Whether Frank Harris was a racist depends on one's interpretation of the term. Harris' attitudes tended to be distorted by racial stereotyping but he was never a believer in the superiority of one 'race' over another.
Harris lived and died before the Second World War - that bleak lesson in the evils of racist theory - when such ideas were much more mainstream than they are today: it was commonly taken for granted that separate races existed, and that there were traits 'in the blood' which one inherited by virtue of ones racial heritage. Since Harris was not an original thinker, although often unusual in the attitudes he adopted, it is not surprising that he shared this view. Here is a revealing passage from A Long Way from Home, the memoirs of the Jamaican poet Claude McKay, which recounts a meeting with Harris:
Suddenly [Harris] said something like this: "I am wondering whether your sensitivity is hereditary or acquired." I said that I didn't know, that perhaps it was just human. He saw that I was ruffled. I really had a sensation of spurs sprouting on my heels.
"Don't misunderstand me," he said. "Your sensitivity is the quality of your work. Your 'The Park in Spring' sonnet is a remarkable achievement. I read it to a very refined woman and she could not hold back her tears. It takes me back to the humanists of the eighteenth century, touching me like Hood or even something of Wordsworth's. What I mean is, the stock from which you stem - your people - are not sensitive. I saw them at close range, you know, in West Africa and the Sudan. They have plenty of the instinct of the senses, much of which we have 1ost. But the attitude toward life is different; they are not sensitive about human life as we are. Life is cheap in Africa. . . "
I kept silent.
Harris was against the treatment of black people as inferiors but he unthinkingly attempted to read McKay's character in terms of his race. This was for him little more than an intellectual exercise, a striving to understand the world; he did not see that race-based classifications are never neutral.

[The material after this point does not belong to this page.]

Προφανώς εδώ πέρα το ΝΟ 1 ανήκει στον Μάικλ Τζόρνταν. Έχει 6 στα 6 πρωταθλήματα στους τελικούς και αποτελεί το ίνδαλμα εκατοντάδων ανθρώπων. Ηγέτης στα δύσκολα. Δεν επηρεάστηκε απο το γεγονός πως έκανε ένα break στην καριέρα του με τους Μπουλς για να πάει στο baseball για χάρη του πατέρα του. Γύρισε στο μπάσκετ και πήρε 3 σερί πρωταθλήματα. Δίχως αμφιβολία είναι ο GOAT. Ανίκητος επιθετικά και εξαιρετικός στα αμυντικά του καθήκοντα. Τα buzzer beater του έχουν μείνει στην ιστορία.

(As an aside, it was not in fact Harris' blunt probings into his origins that most repelled McKay at their meeting, but his tedious wittering about Jesus. McKay was of a strongly atheistic persuasion, having had a bellyful of religion as a boy, and found Harris' Jesus-fixation incomprehensible).

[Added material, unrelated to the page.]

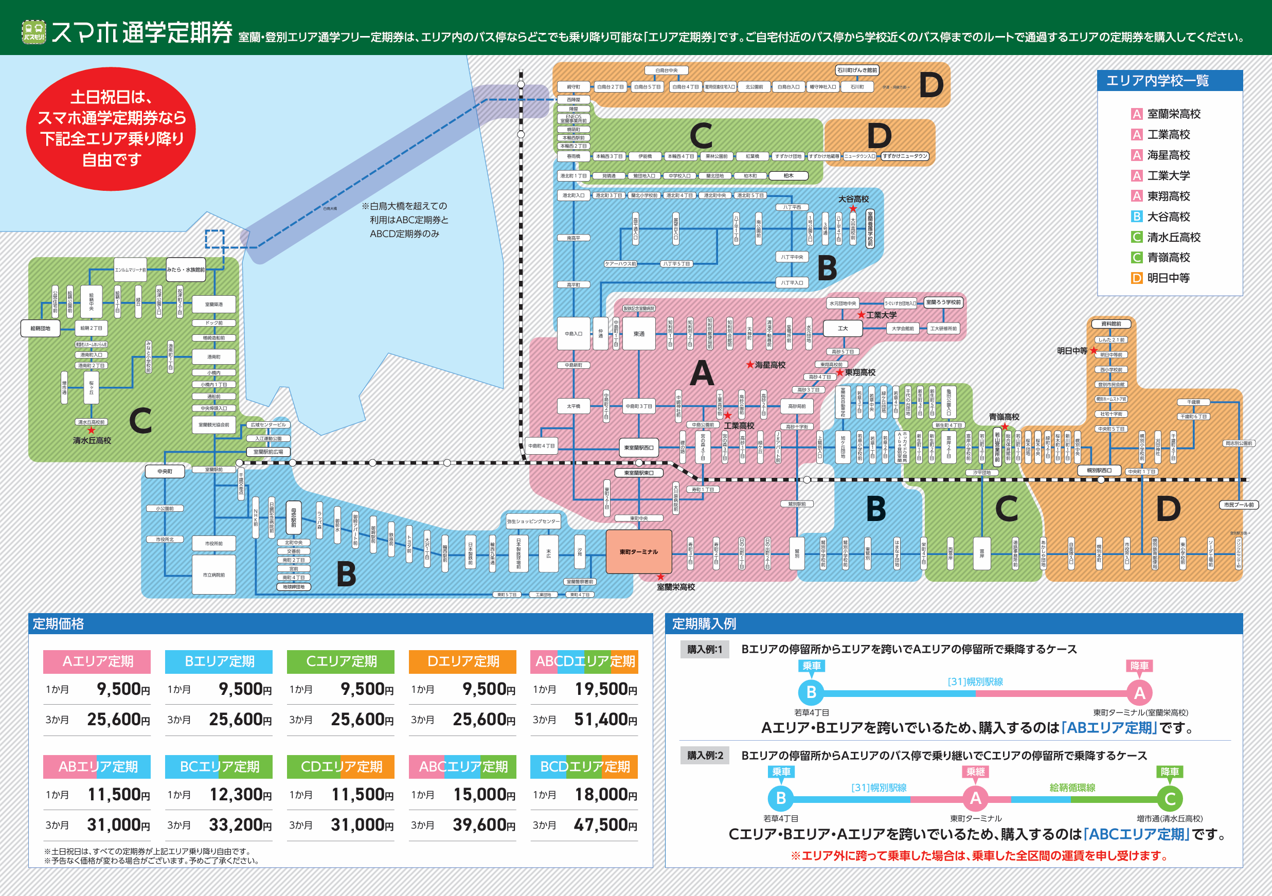 スマホ通学定期券は、土日祝日は選択したエリアに関わらず室蘭市内線のすべてのエリア(都市間バス・催事便などは除く)で乗り降りが自由となります。

One strong piece of evidence for the view of Harris as racist is the apparent anti-Semitism displayed in stories such as Mr. Jacob's Philosophy. Tobin and Gertz devoted several pages to a discussion of this matter, arriving at the conclusion that Harris had been guilty of a 'fashionable' anti-Semitism before about 1920 or thereabouts, but age had mellowed him. His championing of the (Jewish) anarchist Emma Goldman is held up as proof that he was not an anti-Semite.
While Harris saw himself as a 'defender of the Jews', for example against their treatment in Russia, at the same time he was capable of gross insensitivity, such as when in the November 1917 issue of Pearson's, he repeatedly refers, in a report about the New York Night Court, to a 'Jew lawyer'. As in his interchange with McKay, he did not see the implicit insult in such a reference, which is that the only reason for mentioning it is to lower the status of the man in question.
Strangely, Harris was himself the sometime target of anti-semitism. Such unlikely bedfellows as Horatio Bottomley and the egregious Kate Stephens were amongst those who spread the rumour that Harris was Jewish. Since Harris was dark of complexion and his origins were uncertain, since moreover he habitually dressed like a financier and liked to hobnob with millionaires, he fitted a certain popular stereotype.
By modern standards, many of the things that Harris wrote and said are capable of a racist interpretation. But Harris did not believe that people deserved less consideration because of their origins or ancestors, merely that different races tended to have different character traits. In a passage in My Life and Loves about Cecil Rhodes he writes:-
As an ideal [Rhode's belief in Anglo-Saxon superiority] seemed to me grotesque. The races of the world to me were like flowers in a garden, and I would cherish every variety for its own especial excellence; far from being too numerous, they were not numerous enough, and there was not enough variety.
This is a lesser evil: it is impossible for example to imagine Harris for example asserting that someone must be 'Hebrew' because of the defects of their nature, as Kate Stephens did of him. Anyone who has read much writing from the Victorian and Edwardian eras will have some across passages, in Oscar Wilde, in Kipling, in Wells, which are uncomfortable for the modern reader for the way that they carelessly presume a shared bias against foreigners or Jews. Harris is in this regard no worse than most of his contemporaries, and did at least attempt to behave fairly towards individuals of all races, even if his manner could be so insensitive as to offend those to whom he intended to be kind.